(MATERIAL FOR THIS EXERCISE Opens)

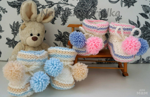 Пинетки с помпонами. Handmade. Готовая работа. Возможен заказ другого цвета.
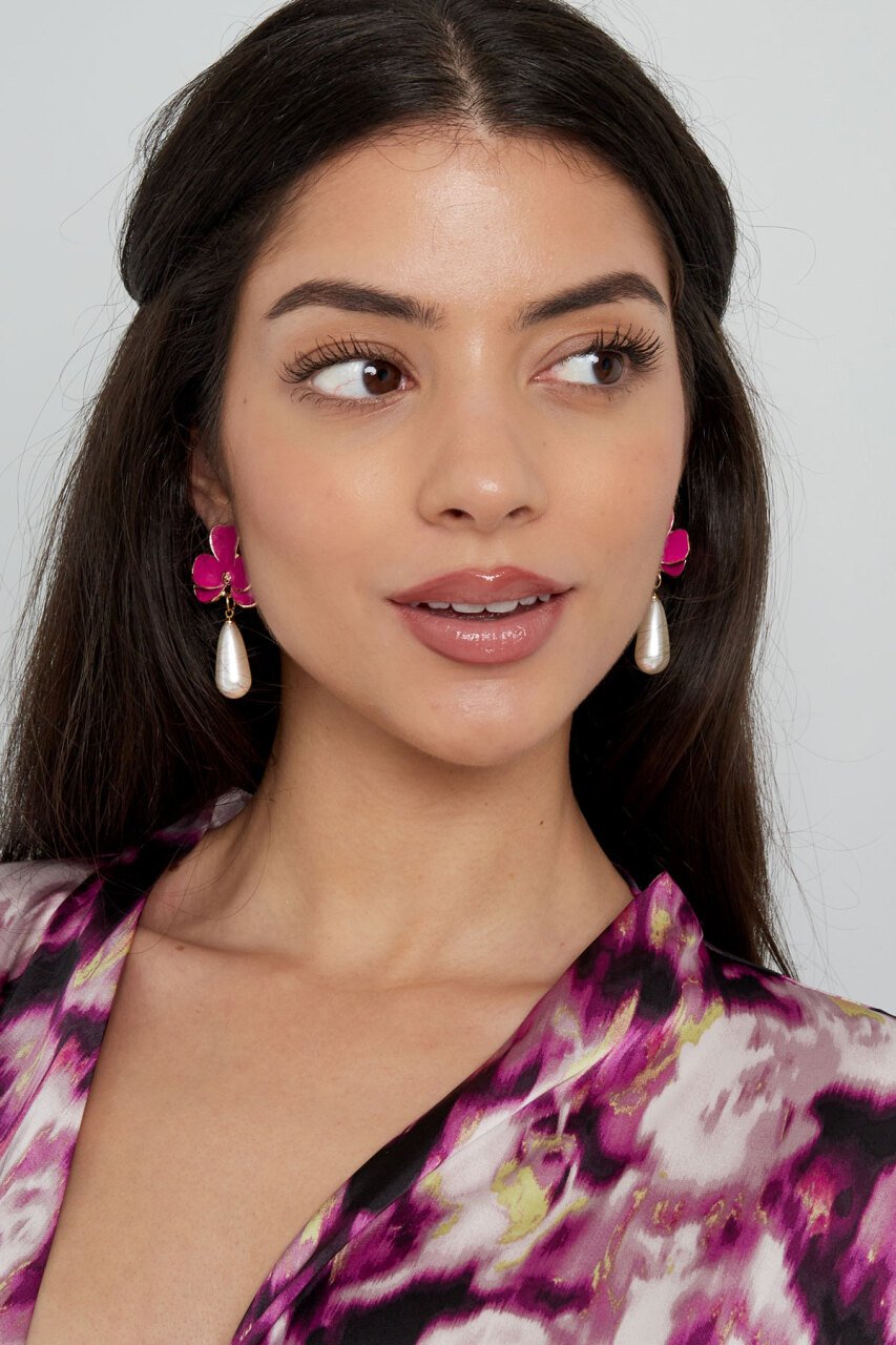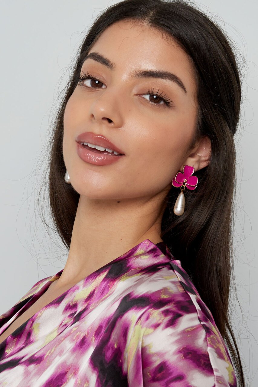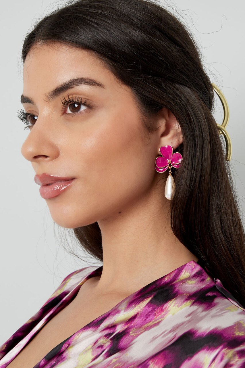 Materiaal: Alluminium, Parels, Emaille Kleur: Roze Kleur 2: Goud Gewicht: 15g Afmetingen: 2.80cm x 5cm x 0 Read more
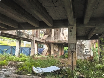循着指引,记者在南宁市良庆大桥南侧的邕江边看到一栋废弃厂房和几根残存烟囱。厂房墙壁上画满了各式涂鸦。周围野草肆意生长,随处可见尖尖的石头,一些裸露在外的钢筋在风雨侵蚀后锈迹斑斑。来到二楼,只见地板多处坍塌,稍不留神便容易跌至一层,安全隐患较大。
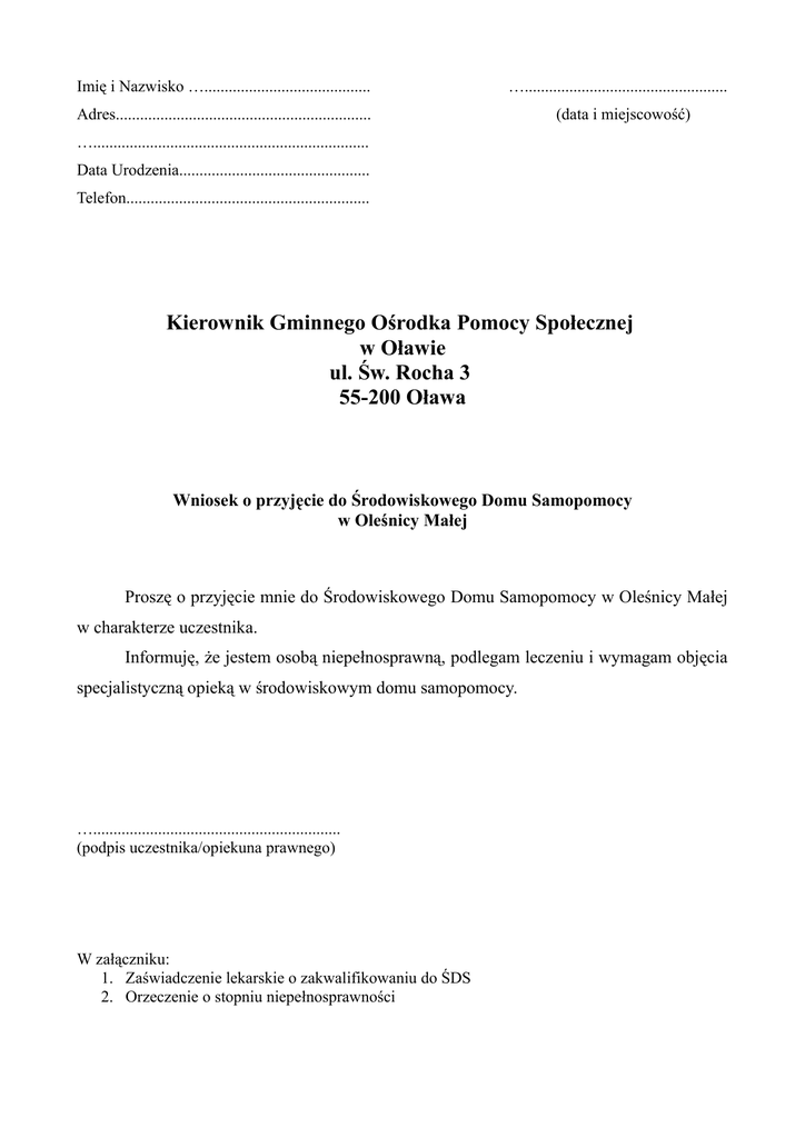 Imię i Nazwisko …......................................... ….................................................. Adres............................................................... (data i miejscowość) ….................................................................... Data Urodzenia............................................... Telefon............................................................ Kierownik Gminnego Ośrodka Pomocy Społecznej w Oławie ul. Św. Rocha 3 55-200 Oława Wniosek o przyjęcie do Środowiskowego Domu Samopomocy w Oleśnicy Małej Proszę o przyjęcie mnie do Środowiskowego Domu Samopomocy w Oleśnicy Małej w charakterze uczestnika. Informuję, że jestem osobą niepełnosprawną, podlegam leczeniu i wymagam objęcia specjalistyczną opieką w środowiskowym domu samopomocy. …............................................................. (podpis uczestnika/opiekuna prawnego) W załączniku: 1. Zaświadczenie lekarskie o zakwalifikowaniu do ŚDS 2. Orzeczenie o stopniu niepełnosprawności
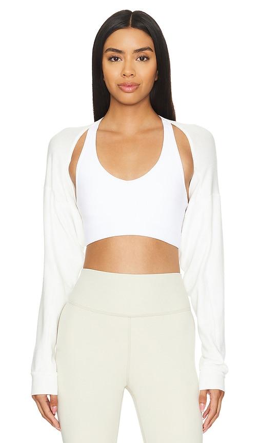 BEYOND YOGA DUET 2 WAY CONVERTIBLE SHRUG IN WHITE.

(MATERIAL FOR THIS EXERCISE Closes)

■ YOUR ASSIGNMENT:
Using the records above, repeat exactly the run of lines that starts with the line with "Materiaal: Alluminium, Parels, Emaille" and goes on through the line with "循着指引,记者在南宁市良庆大"; omit each picture.

■ ANSWER SPACE:
 Materiaal: Alluminium, Parels, Emaille Kleur: Roze Kleur 2: Goud Gewicht: 15g Afmetingen: 2.80cm x 5cm x 0 Read more
循着指引,记者在南宁市良庆大桥南侧的邕江边看到一栋废弃厂房和几根残存烟囱。厂房墙壁上画满了各式涂鸦。周围野草肆意生长,随处可见尖尖的石头,一些裸露在外的钢筋在风雨侵蚀后锈迹斑斑。来到二楼,只见地板多处坍塌,稍不留神便容易跌至一层,安全隐患较大。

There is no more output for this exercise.